* [EXERCISE REQUIREMENTS] Restate all data exactly. No images.

Dataset items:
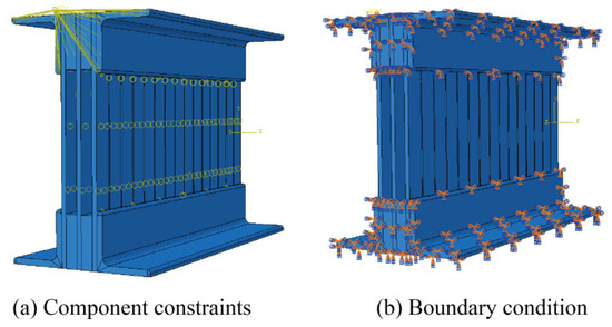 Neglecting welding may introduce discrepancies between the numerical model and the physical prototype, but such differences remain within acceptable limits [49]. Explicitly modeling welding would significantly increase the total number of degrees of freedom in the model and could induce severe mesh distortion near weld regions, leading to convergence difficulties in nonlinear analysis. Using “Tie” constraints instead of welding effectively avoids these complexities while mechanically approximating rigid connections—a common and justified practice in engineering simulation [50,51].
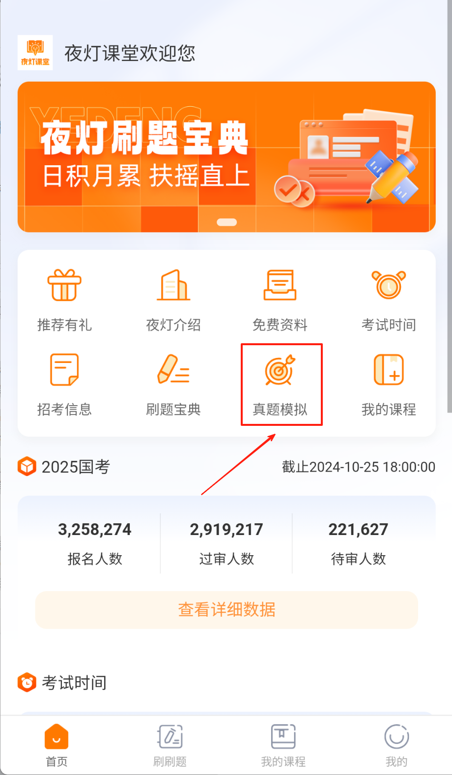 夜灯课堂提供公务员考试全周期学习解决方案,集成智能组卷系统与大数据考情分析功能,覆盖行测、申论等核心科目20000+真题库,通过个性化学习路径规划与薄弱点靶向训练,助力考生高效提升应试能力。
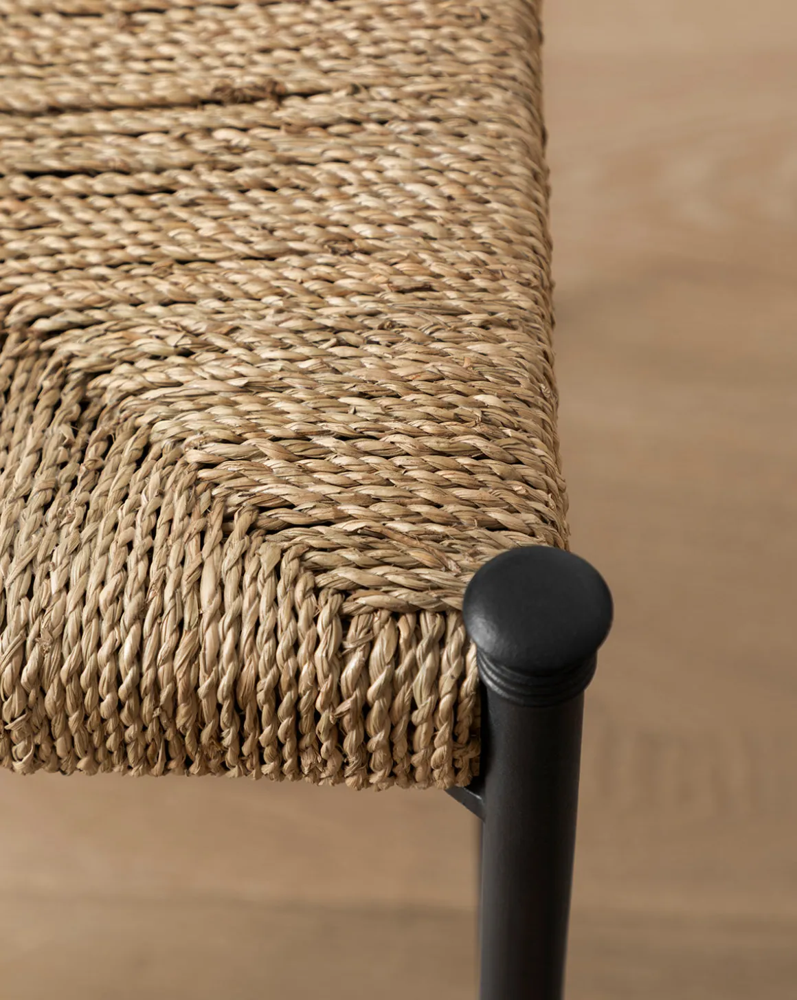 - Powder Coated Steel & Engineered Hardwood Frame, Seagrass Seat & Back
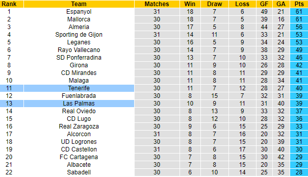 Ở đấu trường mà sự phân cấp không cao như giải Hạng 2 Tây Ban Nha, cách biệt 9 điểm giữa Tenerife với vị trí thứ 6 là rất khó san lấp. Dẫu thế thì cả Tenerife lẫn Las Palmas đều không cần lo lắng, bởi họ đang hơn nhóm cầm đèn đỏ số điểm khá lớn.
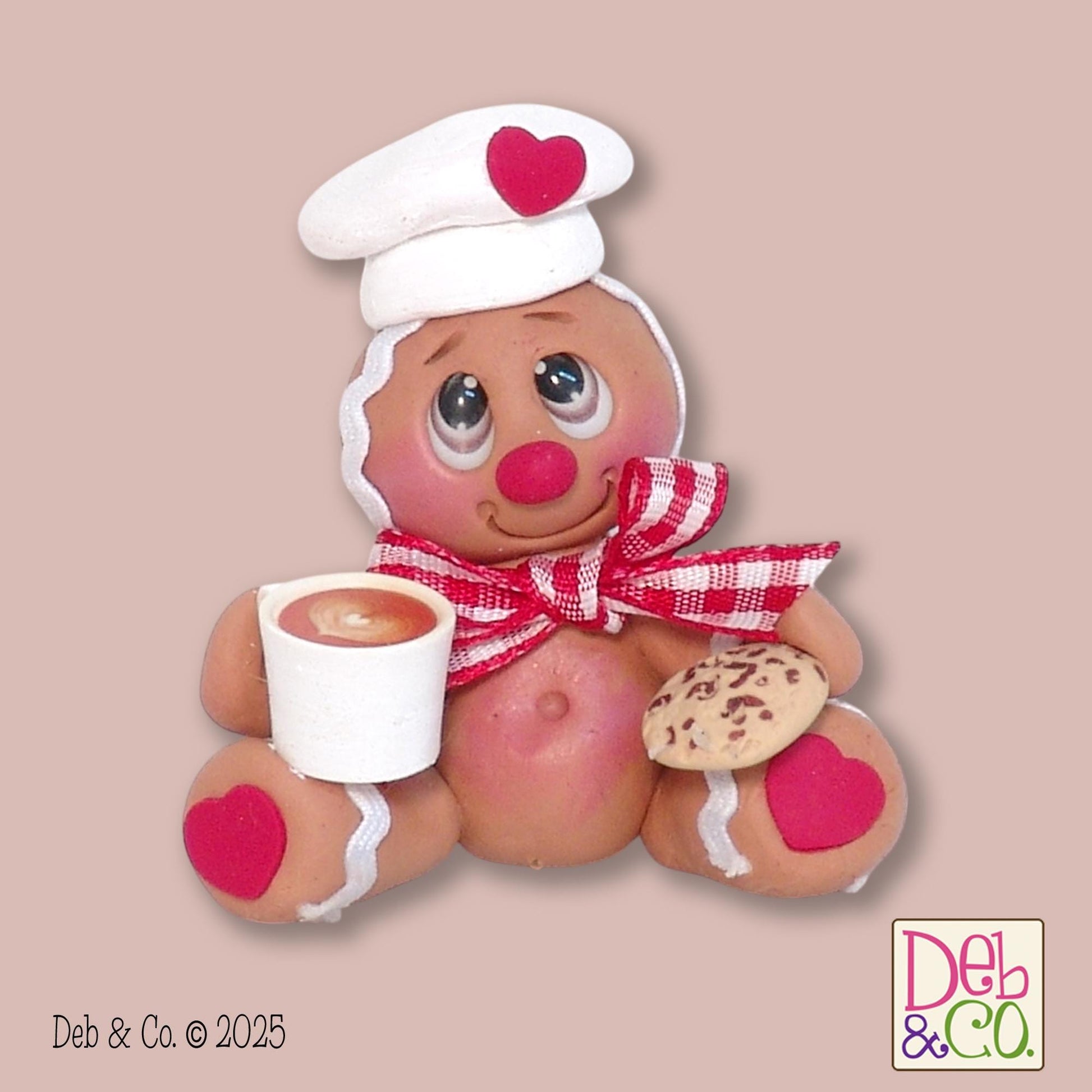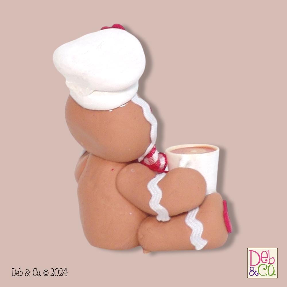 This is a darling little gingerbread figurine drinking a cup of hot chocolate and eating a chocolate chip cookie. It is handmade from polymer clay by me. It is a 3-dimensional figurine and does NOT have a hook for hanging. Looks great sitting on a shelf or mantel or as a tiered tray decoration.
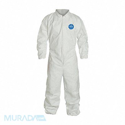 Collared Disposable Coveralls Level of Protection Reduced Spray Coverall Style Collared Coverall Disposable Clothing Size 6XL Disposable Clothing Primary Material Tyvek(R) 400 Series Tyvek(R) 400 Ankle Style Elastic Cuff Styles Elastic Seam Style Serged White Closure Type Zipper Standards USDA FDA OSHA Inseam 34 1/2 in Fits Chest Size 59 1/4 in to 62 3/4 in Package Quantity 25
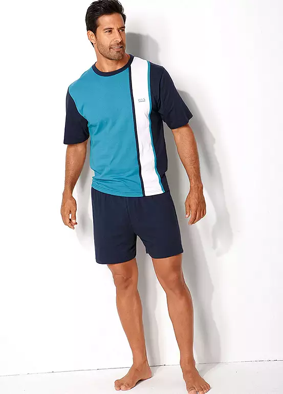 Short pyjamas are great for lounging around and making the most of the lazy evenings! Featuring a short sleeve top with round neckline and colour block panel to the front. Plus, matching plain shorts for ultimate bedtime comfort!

* [COMPLETED EXERCISE]
 Neglecting welding may introduce discrepancies between the numerical model and the physical prototype, but such differences remain within acceptable limits [49]. Explicitly modeling welding would significantly increase the total number of degrees of freedom in the model and could induce severe mesh distortion near weld regions, leading to convergence difficulties in nonlinear analysis. Using “Tie” constraints instead of welding effectively avoids these complexities while mechanically approximating rigid connections—a common and justified practice in engineering simulation [50,51].
 夜灯课堂提供公务员考试全周期学习解决方案,集成智能组卷系统与大数据考情分析功能,覆盖行测、申论等核心科目20000+真题库,通过个性化学习路径规划与薄弱点靶向训练,助力考生高效提升应试能力。
 - Powder Coated Steel & Engineered Hardwood Frame, Seagrass Seat & Back
 Ở đấu trường mà sự phân cấp không cao như giải Hạng 2 Tây Ban Nha, cách biệt 9 điểm giữa Tenerife với vị trí thứ 6 là rất khó san lấp. Dẫu thế thì cả Tenerife lẫn Las Palmas đều không cần lo lắng, bởi họ đang hơn nhóm cầm đèn đỏ số điểm khá lớn.
 This is a darling little gingerbread figurine drinking a cup of hot chocolate and eating a chocolate chip cookie. It is handmade from polymer clay by me. It is a 3-dimensional figurine and does NOT have a hook for hanging. Looks great sitting on a shelf or mantel or as a tiered tray decoration.
 Collared Disposable Coveralls Level of Protection Reduced Spray Coverall Style Collared Coverall Disposable Clothing Size 6XL Disposable Clothing Primary Material Tyvek(R) 400 Series Tyvek(R) 400 Ankle Style Elastic Cuff Styles Elastic Seam Style Serged White Closure Type Zipper Standards USDA FDA OSHA Inseam 34 1/2 in Fits Chest Size 59 1/4 in to 62 3/4 in Package Quantity 25
 Short pyjamas are great for lounging around and making the most of the lazy evenings! Featuring a short sleeve top with round neckline and colour block panel to the front. Plus, matching plain shorts for ultimate bedtime comfort!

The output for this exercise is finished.